The FDA said in a statement that it’s reviewing and evaluating how to implement the provisions of the new law while engaging with stakeholders on enrolling diverse clinical populations.

Several research attorneys said they don’t expect IRBs to review and approve the diversity plans themselves.

The law imposes new requirements for trial sponsors, whereas IRBs tend to work with documents submitted by investigators.

“IRBs and sponsors typically don’t have direct interaction,” Elisa A. Hurley, executive director of Public Responsibility in Medicine & Research, said. But IRBs “absolutely” have a role in ensuring clinical trials are more diverse.

Immediate Changes Unlikely

Diversity plans can offer another set of information IRBs can use, but they’re unlikely to prompt immediate regulatory changes, Heather H. Pierce, senior director for science policy and regulatory counsel for the Association of American Medical Colleges, said.

IRBs are not “typically having discussions that would allow them to assess from one trial to another whether any one specific diversity action plan is adequate,” Pierce said. But the plans “may well begin to give additional insight into the types of questions that [IRBs] should be asking, if there’s something they don’t see in future plans or future approaches.”

IRBs should require sponsors to integrate these diversity plans into the overall research plan, as part of a larger effort to integrate equity into the standard procedures for conducting clinical research, said Yasmeen Long, a director at FasterCures who heads up its health equity programs.

The research protocol, informed consent, and recruitment documents all require IRB approval, Long said. “When you come to the IRB with your research plan, that is exactly when these requirements should be embedded.”

Mark Barnes, an attorney with Ropes & Gray LLP whose specialties include the ethics and regulation of clinical trials, said he expects IRBs would be influenced by guidance that FDA would produce on the issue of enhancing opportunities for more equitable enrollment in clinical trials.

“IRBs are required under the [Common Rule] to evaluate certain aspects of proposed studies, in light also of the ethical precepts articulated in the Belmont Report. One of those is, of course, equity,” Barnes said. The 1970s Belmont Report laid the ethical foundation for the Common Rule, which is administered by the Health and Human Research Office for Human Research Protections.

Barnes has played an integral role on an external advisory panel for OHRP since the late 1990s. Once FDA has issued its guidance on these issues, he said OHRP would likely produce its own complementary or corresponding guidance, which “would then be firmly established as expectations for investigators, IRBs, and institutions in designing and conducting interventional trials.”

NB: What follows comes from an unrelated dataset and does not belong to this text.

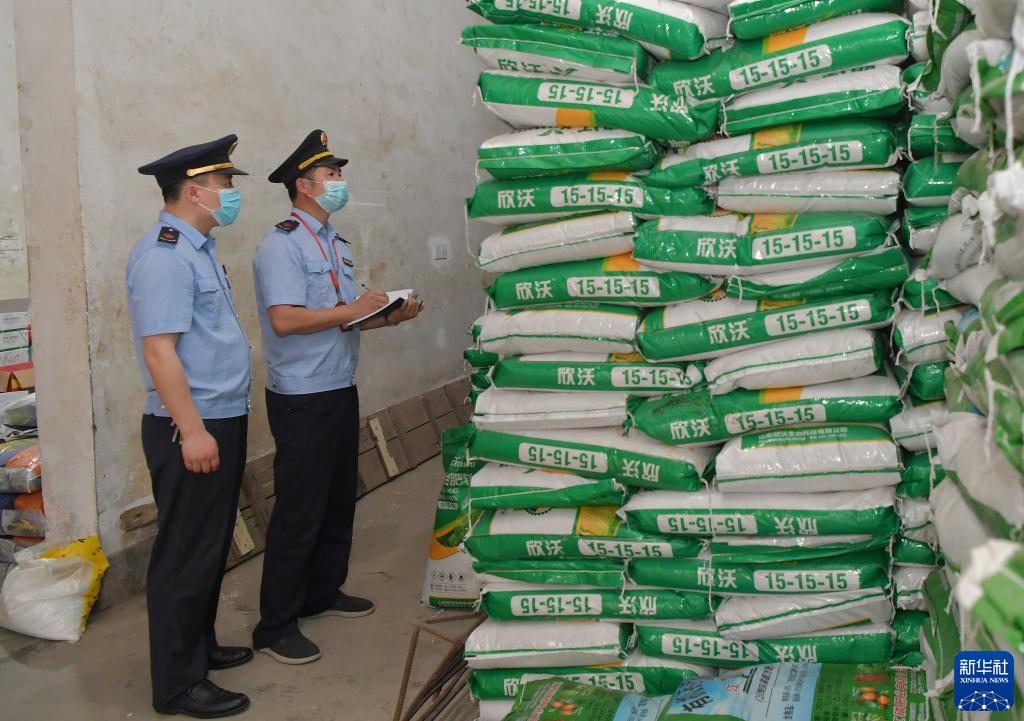 3月14日,南昌縣市場(chǎng)監督管理局蔣巷分局的工作人員在蔣巷鎮的一家農資商店檢查銷(xiāo)售的化肥。

IRB reviews typically focus on weighing the risks and benefits of the research as well as scrutinizing the informed consent, which have specific regulatory criteria, such as a description of which procedures are involved and a statement that participation is voluntary, Hurley said.

Equitable selection of subjects has tended to be secondary, she added.

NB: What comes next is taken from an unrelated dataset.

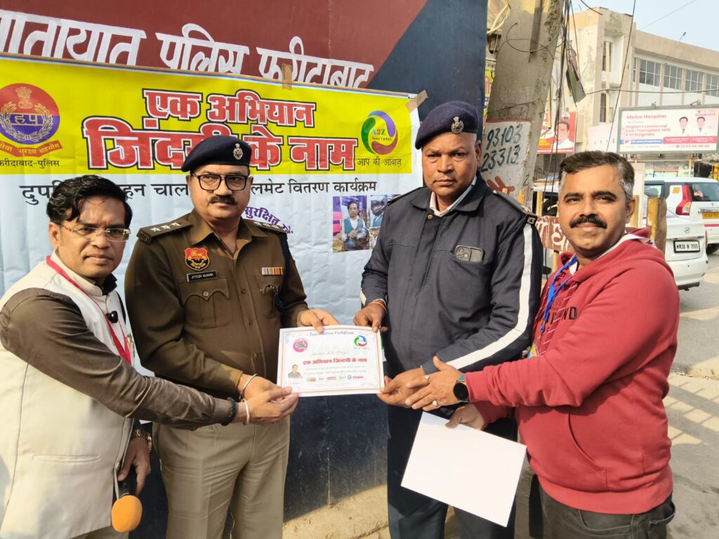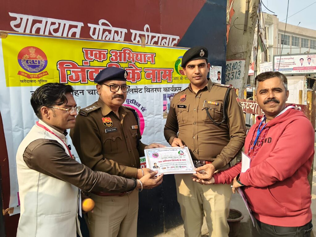इस अवसर पर यातायात पुलिस निरीक्षक अनुज कुमार व जेडओ 10 बल्लबगढ़ सहायक उप निरीक्षक कन्हैया लाल.एडिशनल एसएचओ उप निरीक्षक जगबीर. अग्रसेन चौकी इंचार्ज पीएसआई धर्मपाल. बस अड्डा पुलिस चौकी इंचार्ज उप निरीक्षक नरेश कुमार सहित अन्य पुलिस के जवान शामिल रहे। कार्यक्रम के दौरान मुख्य रूप से सुनील कुमार जांगड़ा, दिनेश भारद्वाज, हिमांशी, शमीम अहमद और नितिन बंसल पत्रकार बंधु सहित अन्य गणमान्य लोग भी उपस्थित रहे।

“There’s probably been a lot of just relying on the research team,” and assuming they know who their study population should be,” Hurley said. " it just hasn’t been as much on the radar.” But the larger focus on diversity has empowered IRBs to ask in which populations is this disease most prevalent, and how will researchers reach those people?

Pay for Participation?

There’s already work in this space. The Multi-Regional Clinical Trials Center of Brigham and Women’s Hospital and Harvard University created a tool kit on diversity, equity, and inclusion. The HHS Secretary Advisory Committee on Human Research Protections released recommendations, calling on IRBs to “suggest ways to minimize the burdens of research to enable broader, more equitable participation.”

That ongoing discussion is already shifting perspective on whether it’s okay to pay study volunteers, Hurley said. Historically, IRBs have shied away from payments out of concern of coercion or undue influence.

But there’s growing recognition that fair and reasonable compensation might be key to recruiting diverse populations and people from underrepresented communities. “The tide might really be changing,” she said. “And in fact, not paying people could be exploitative.”